There are 4 values I need to fill in.

I tried to use requests but failed.

Here is my code:

import requests
url = 'https://creis.fang.com/'
s = requests.Session()
data ={'cnname': 'myname', 'cnotp':'abc', 'cntempcode':'123', 'cnproducttitle':'企业版'}
r = s.post(url=url, data=data)

Can you help me?

Thanks.

enter image description here

enter image description here enter image description here enter image description here

Chan
  • 3,605
  • 9
  • 29
  • 60
  • This is one of the core problems in web scraping...logging into a site. There's no one answer. It will vary on a site by site basis. Nobody is, IMO, going to tell you directly how to do this. It can take quite a bit of work to figure out how to do this for a particular site. This question is way too broad for this forum, which seeks to discuss and help programmers with basic programming problems and concepts. A whole article, or even a book, could be written on the topic you are asking about. With that said... – CryptoFool Jun 25 '19 at 02:59
  • Without scripting a full web browser, which is what our company does, what you need to do is run a Debugging HTTP Proxy and see what the request that goes over the wire when you fill out this dialog and successfully log in looks like.

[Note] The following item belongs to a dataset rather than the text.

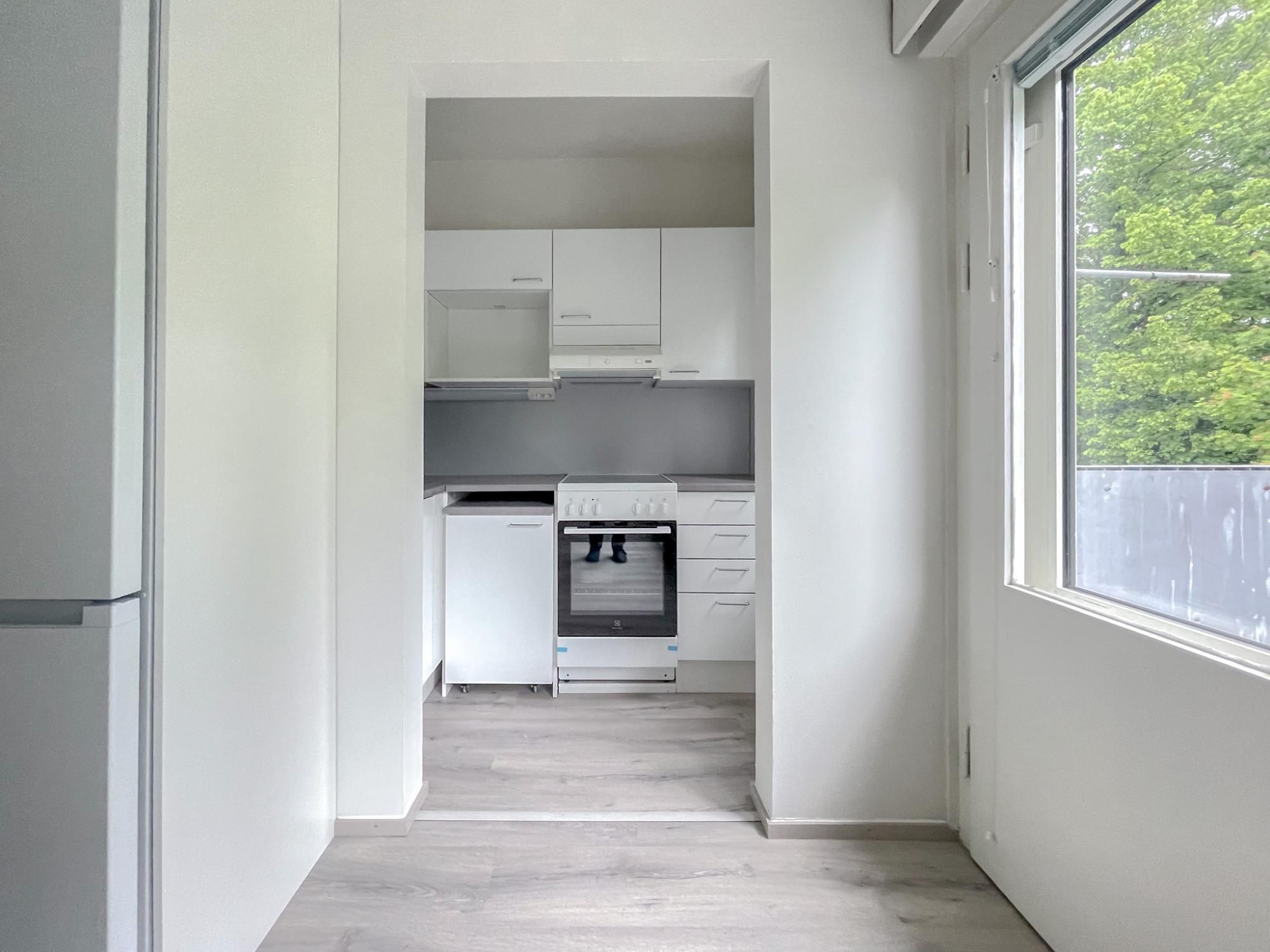 Rauhallisella sijainnilla heti vapaana kompakti ja toimiva ylimmän kerroksen koti. Keittiöön mahtuu kapea astianpesukone ja asunnolla on oma pieni parveke. Alkovi jakaa huoneen toimivasti.

Seeing that, you'd then seek to reproduce that same request via Requests or some other HTTP client library. There are a number of good Debugging HTTP Proxy tools out there that will show you this traffic. We use Charles (https://www.charlesproxy.com), which is a killer tool. – CryptoFool Jun 25 '19 at 03:02
  • I have added my code. – Chan Jun 25 '19 at 03:09
  • ...if you're successful writing a script that logs into the site, then you'll get back some sort of token that you'll use on subsequent requests to the site that represent your logged in session. This could come back just about anywhere in the response...in the headers, in cookies, or in the body of the response. – CryptoFool Jun 25 '19 at 03:09
  • Can you show me how to do it, Steve? – Chan Jun 25 '19 at 03:11
  • Browsers also have developer tools that will show you what is going back and forth on the wire. That's where you need to start. You need to see a successful login happen as raw HTTP requests and responses. That's the only way to tackle this. I've told you all I can. To go any further would mean me solving this significantly time consuming problem for you. – CryptoFool Jun 25 '19 at 03:15
  • What leads you to believe that the site will accept the request your code is sending and log you in? Is that just a wild guess? If so, the chances that that, or anything like it, will work, is almost 0%. In general, the problem is much more complicated than that. In fact, almost arbitrarily so, as most sites actively seek to make it hard for scripts (robots) to log into the site. – CryptoFool Jun 25 '19 at 03:19
  • How to use my id and password to login the page with `requests`? – Chan Jun 25 '19 at 03:38
  • The webpage is just waiting for some variables that are being sent from a form by a POST request with user-defined variable names. These variables are what you think of as password and id but `requests` does not know them. These variables can have any name and you need to dig into the website code or listen to the traffic using the proxy mentioned above or your browser's web developer tools. – Joe Jun 25 '19 at 06:52
  • I have posted the data passed to the server. The `sPassword` which should be my password, but seems encrypted. How can I get such information? – Chan Jun 25 '19 at 07:41
  • In `Request URL`, there is a `r=0.352` parameters at the end. But it is generated randomly. Should I pass `https://creis.fang.com/` or the Request URL? – Chan Jun 25 '19 at 07:43
  • It seems like you'd have a much easier time trying this using ```Selenium``` or ```pyautogui```. Is there a reason that you have to use ```requests```? – Anshu Chen Jun 28 '19 at 14:45
  • It is because `requests` is faster and able to run in background. – Chan Jun 28 '19 at 17:10

2 Answers2

3

First of all, the login request and the code you have is different.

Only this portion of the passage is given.